Task instructions: Using the material below, repeat exactly the lines from the one with "First, configure the" through the one with "ne del lavoro", ends included, without any images.

Data under study:
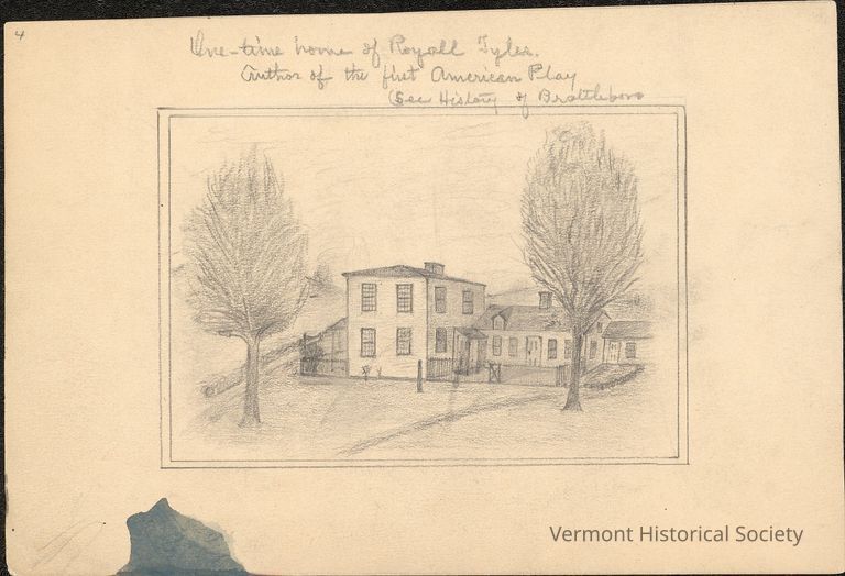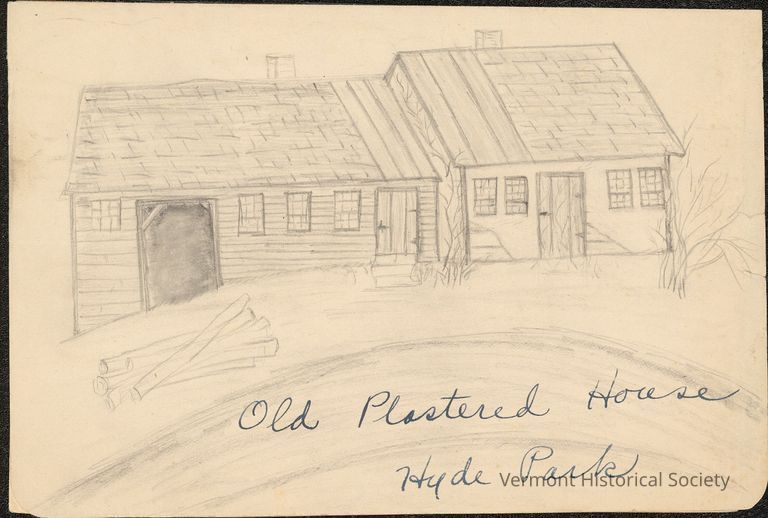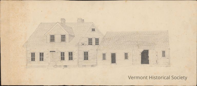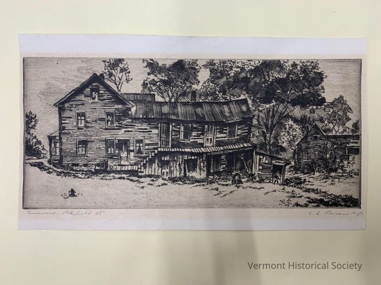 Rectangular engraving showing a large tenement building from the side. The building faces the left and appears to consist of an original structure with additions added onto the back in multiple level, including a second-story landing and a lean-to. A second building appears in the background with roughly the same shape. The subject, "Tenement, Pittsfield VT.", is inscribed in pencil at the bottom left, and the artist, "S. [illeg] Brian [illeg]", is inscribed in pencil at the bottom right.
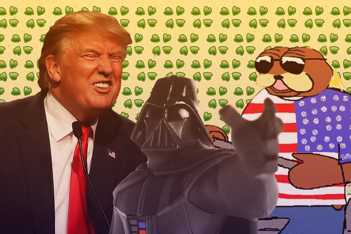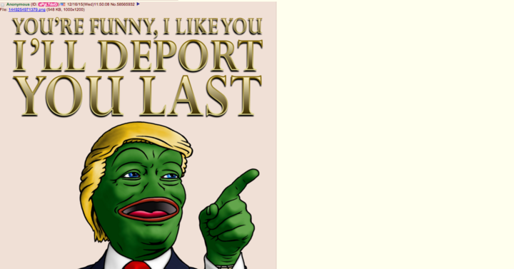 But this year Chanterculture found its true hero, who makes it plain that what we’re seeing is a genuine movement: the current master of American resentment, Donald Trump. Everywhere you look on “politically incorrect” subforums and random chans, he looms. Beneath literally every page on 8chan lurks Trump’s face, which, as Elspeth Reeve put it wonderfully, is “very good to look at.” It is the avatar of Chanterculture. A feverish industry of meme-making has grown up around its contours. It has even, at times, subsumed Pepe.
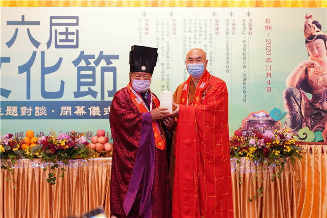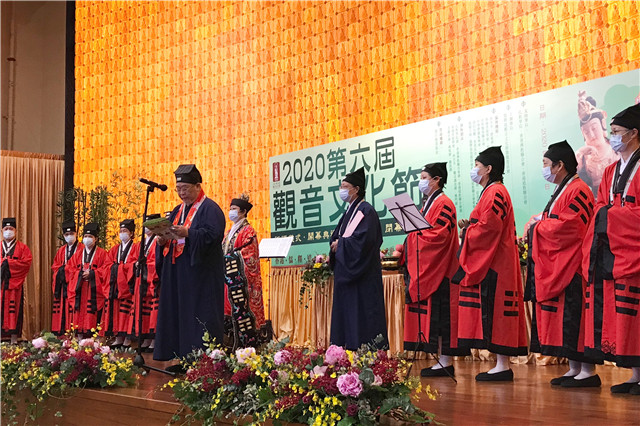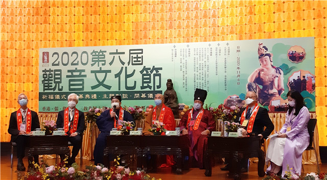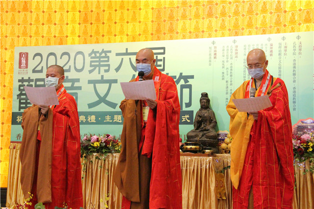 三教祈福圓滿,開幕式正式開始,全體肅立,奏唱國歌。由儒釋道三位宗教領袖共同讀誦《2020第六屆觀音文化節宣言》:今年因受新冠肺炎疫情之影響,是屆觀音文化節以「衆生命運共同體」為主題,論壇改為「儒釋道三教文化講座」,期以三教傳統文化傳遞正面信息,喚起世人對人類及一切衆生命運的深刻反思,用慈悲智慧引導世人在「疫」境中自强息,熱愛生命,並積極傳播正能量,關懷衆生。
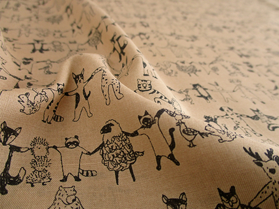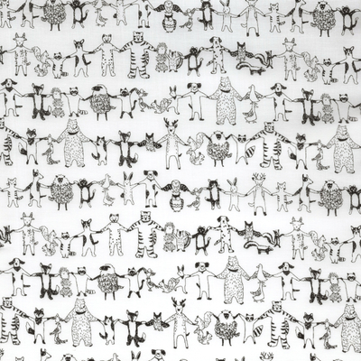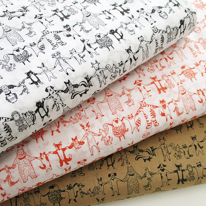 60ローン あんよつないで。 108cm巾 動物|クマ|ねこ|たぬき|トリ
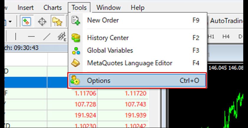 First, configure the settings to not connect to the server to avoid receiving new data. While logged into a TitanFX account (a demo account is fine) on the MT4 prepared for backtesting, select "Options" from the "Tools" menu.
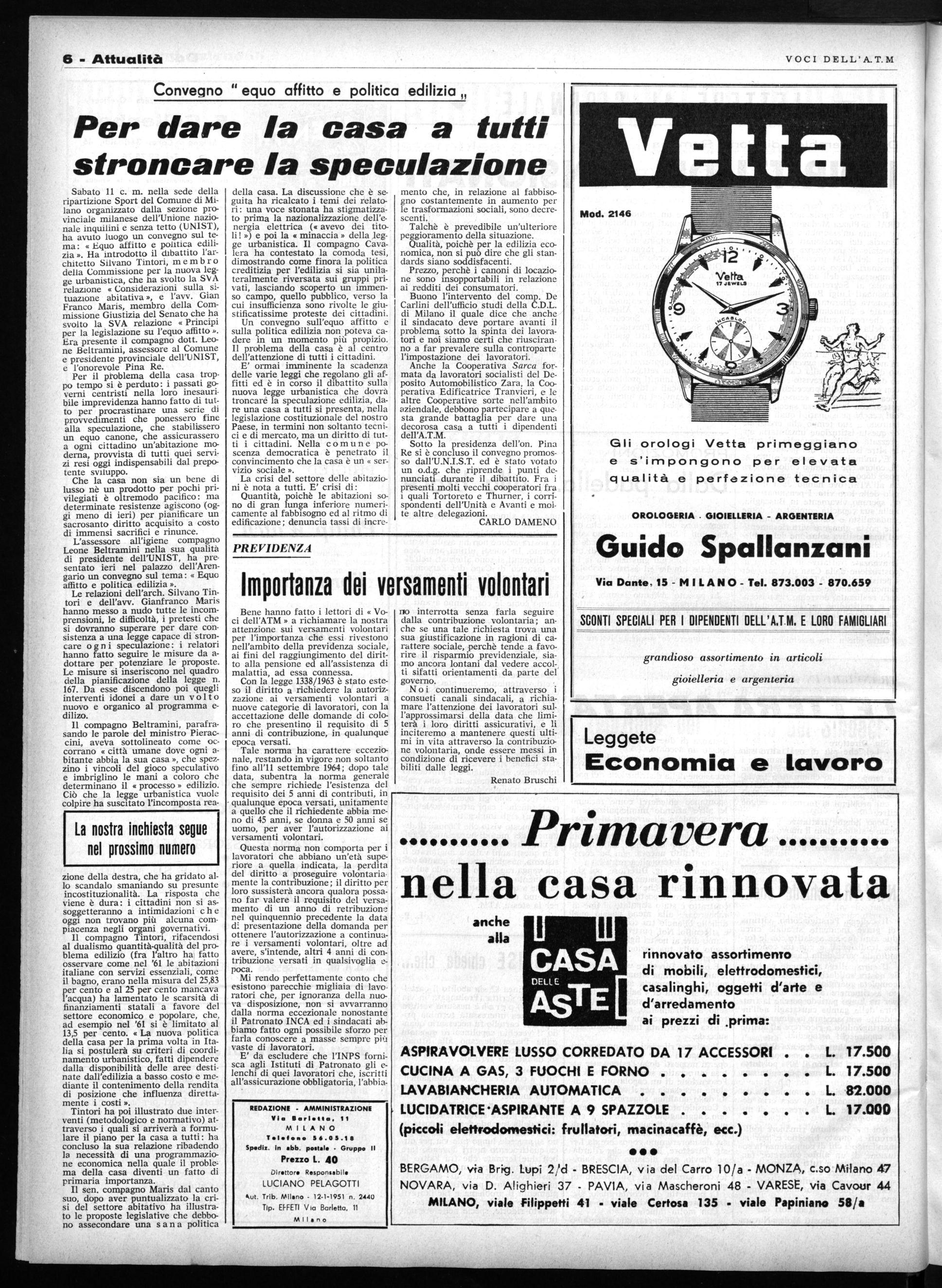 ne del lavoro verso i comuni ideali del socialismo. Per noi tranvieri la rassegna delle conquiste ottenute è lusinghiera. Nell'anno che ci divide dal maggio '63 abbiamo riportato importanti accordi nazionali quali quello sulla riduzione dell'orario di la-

...

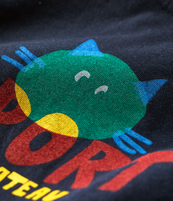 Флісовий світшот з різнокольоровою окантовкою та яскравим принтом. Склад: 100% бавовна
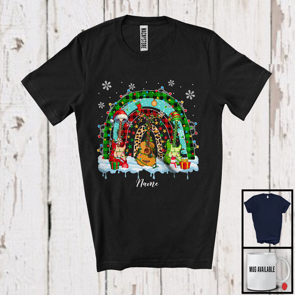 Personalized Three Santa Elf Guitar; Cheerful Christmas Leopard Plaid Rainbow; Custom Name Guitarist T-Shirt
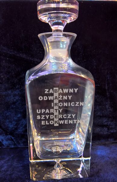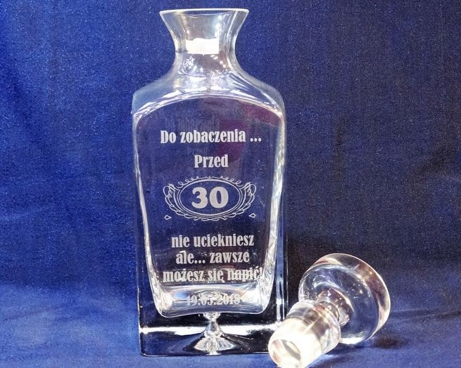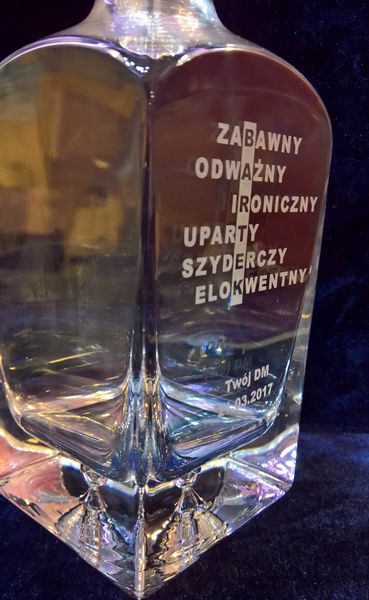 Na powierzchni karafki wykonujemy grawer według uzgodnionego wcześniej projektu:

* * *

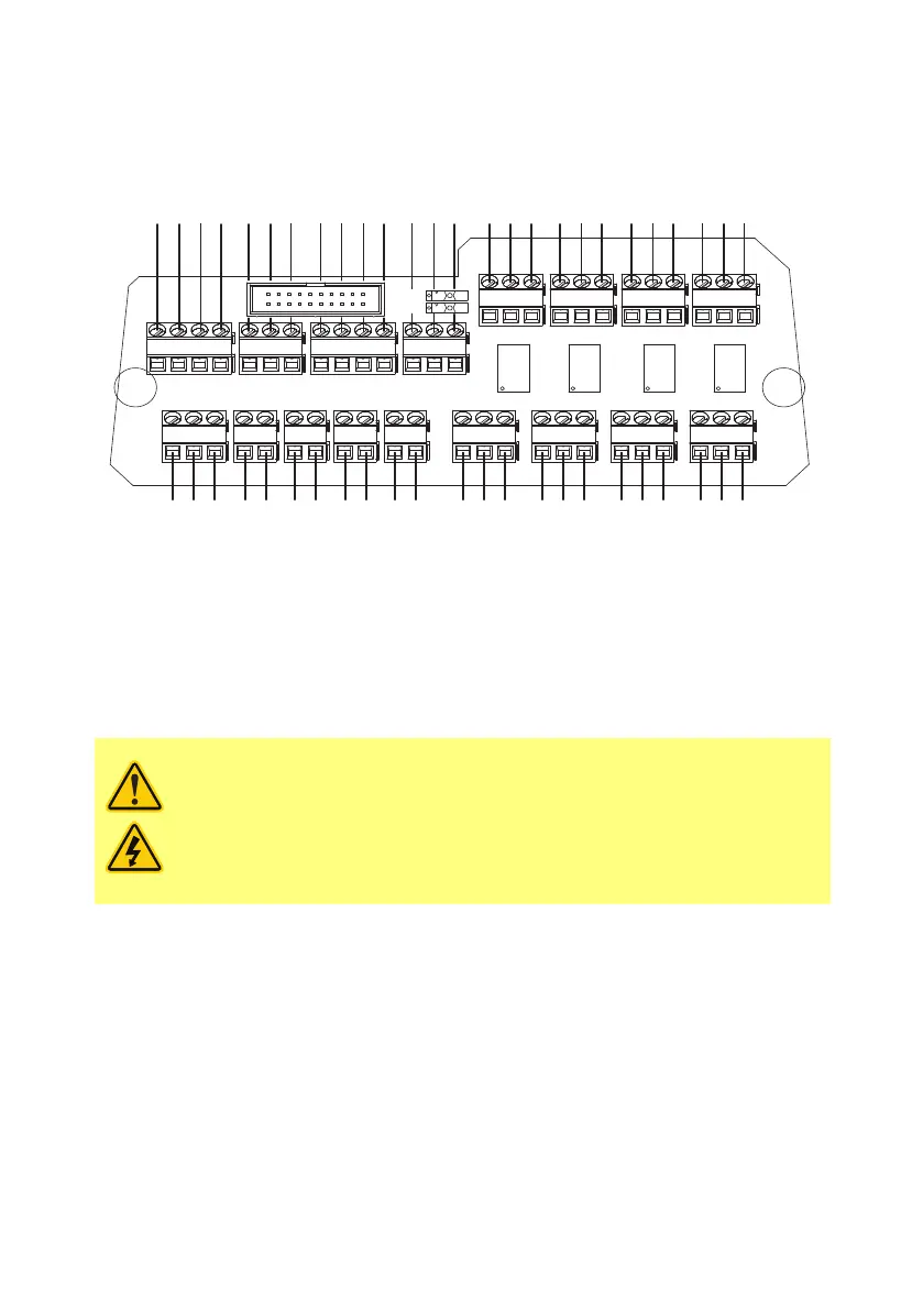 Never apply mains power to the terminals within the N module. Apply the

Solution below:
 First, configure the settings to not connect to the server to avoid receiving new data. While logged into a TitanFX account (a demo account is fine) on the MT4 prepared for backtesting, select "Options" from the "Tools" menu.
 ne del lavoro verso i comuni ideali del socialismo. Per noi tranvieri la rassegna delle conquiste ottenute è lusinghiera. Nell'anno che ci divide dal maggio '63 abbiamo riportato importanti accordi nazionali quali quello sulla riduzione dell'orario di la-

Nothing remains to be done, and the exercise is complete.